An 8 day old baby doesn't need a (particularly) clean house. They need feeding, changing and cuddles. He's opting out of at least 2 of those things currently so how can you describe him as 'amazing'?!

Emelene · 29/12/2019 16:49

Be kind to yourself, I found day 8 really hard. Hopefully your partner will settle down and realise he needs to step up. I'd be doing less, you need to rest too, and tell your partner really clearly what he needs to do. All the best xx

snoopy18 · 29/12/2019 16:50

You need to make your partner accountable from day one or he will get into a bad habit of not doing anything / much at all with the baby. Re in force it from day one - men struggle to bond as quick with the baby but you need to get him to start doing things.
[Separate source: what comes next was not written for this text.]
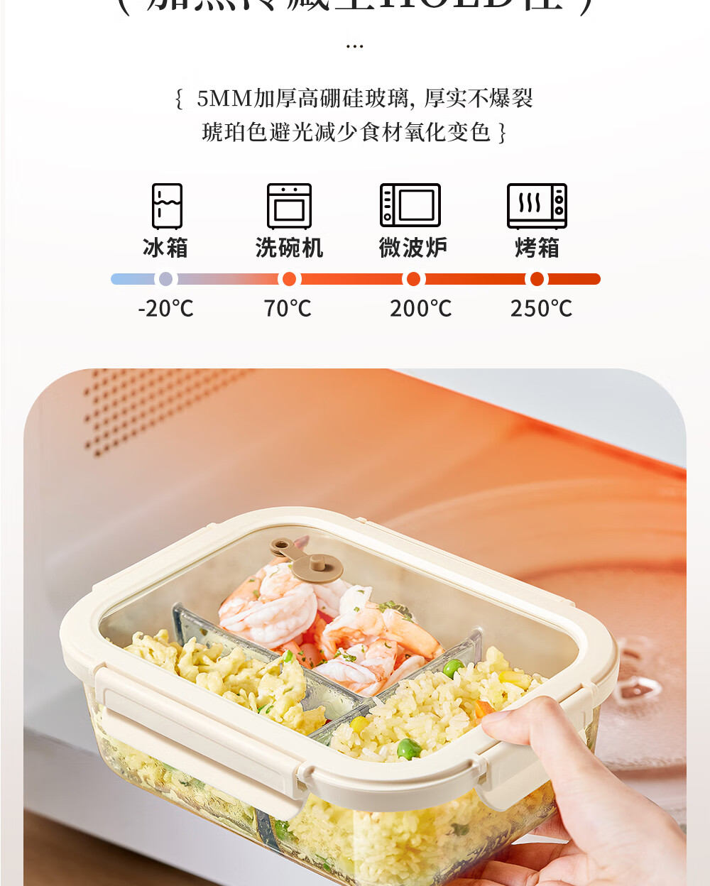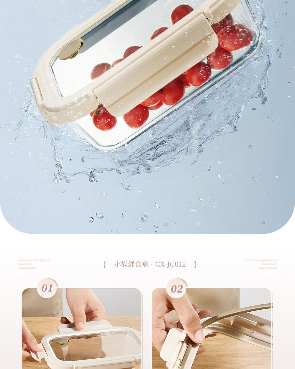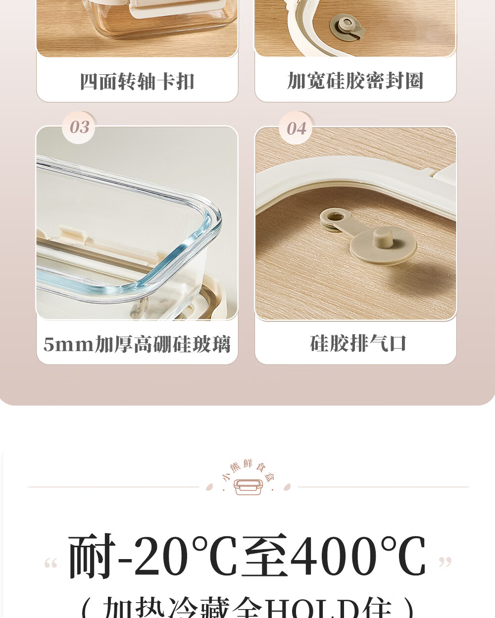 小熊(Bear)高硼玻璃保鲜饭盒可微波炉加热专用餐盒格保鲜保温 CX-JC012-P04

There’s absolutely no reason why he can’t feed the baby if you’re bottle feeding and change baby nappies etc. He’s the father he needs to his bit.

A baby is a full time job / do not let him get off with the ‘I go to work card’ because he will.

This is just the beginning - you’re not a single parent and he needs to pull his weight but he won’t if you don’t make him accountable.

vivacian · 29/12/2019 17:02

In what way do you feel he is amazing with his daughter?

anothernamereally · 29/12/2019 17:12

I agree with every other poster and just wanted to add that there is often a big hormone surge around day 8 so be extra kind to yourself

BaolFan · 29/12/2019 17:35

I continue to despair at the low standards on here. So many women post that their partners are "amazing fathers". When you scratch the surface that seems to boil down to the fact that they acknowledge their kids and occasionally deign to play with them.

OP, find your backbone and your standards and get angry. Then give him both barrels. Is this what you want your DD to grow up and aspire to? A man who hasn't even changed a nappy and is complaining about being put upon? What a selfish tosser. If he can't help then he may as well pack up and fuck off somewhere else - it'll be one less person to 'Mummy'.